At a distance, it appears as a pirate ship teeming with skilled sailors. Figures are climbing rope ladders and balancing on swaying plank walkways. Or is it some sort of circus setup? Someone appears to be walking a tightrope. Then a child zips through the sky and disappears over a stand of trees. The Aerial Adventure Park — an elaborate, three-tiered ropes course connected to two zip lines that carries people over the minigolf course and across the park. 
 
Rope courses were originally built for team building. It was only a couple of years ago that they entered the adventure park business. The ropes course, designed and built during the winter, offers 30 exciting elements or obstacles, some of them taking climbers 45 feet in the air. From the top tier, people can navigate their way over to the zip line or the giant swing. You’re 40 feet in the air in your harness and you just free fall for 12 to 15 feet and then swing out. The course, a series of wooden platforms (similar to crow’s nests) and elements (tight wires, swings, tippy bridges and cargo nets), can hold 60 people safely and still maintain a good flow.  
 
Each participant wears a helmet and a harness that is connected to safety cables running throughout the course. Typically, rope courses require people to clip onto the cables with two carabiners, or clips, so that they can unhook one and move it while still being safely connected with the second carabiner. The Park takes safety one step further by using a Smart Belay clip-in system made by Edelrid, a company that has been producing technical mountaineering gear since the 1950s.

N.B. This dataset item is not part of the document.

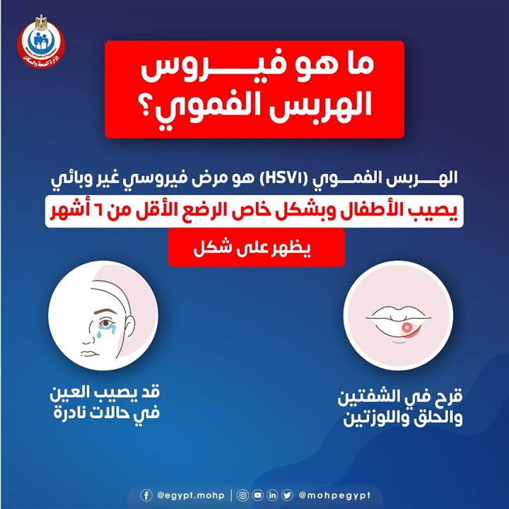 كشفت وزارة الصحة والسكان، عن مرض الهربس الفموي الذي يصيب الأطفال الصغار.

These expensive pulley carabiners have a system of communicating that prevents accidental complete unclipping. A button inside each carabiner sends a signal to the other carabiner when it has been clipped onto a cable and taken off a cable. The two carabiners can’t be open at the same time.
 
Much information was gathered from the Association for Challenge Course Technology, or ACCT, which developed the standards for ropes course inspections, equipment and hardware. Before park visitors take to the sky, they have to go through a quick “ground school,” where they practice transitioning between safety cables. They then pair up into teams of two or three for safety.
 

*Aerial Adventure offers new outdoor challenge.* A massive wooden structure rises up on the side ...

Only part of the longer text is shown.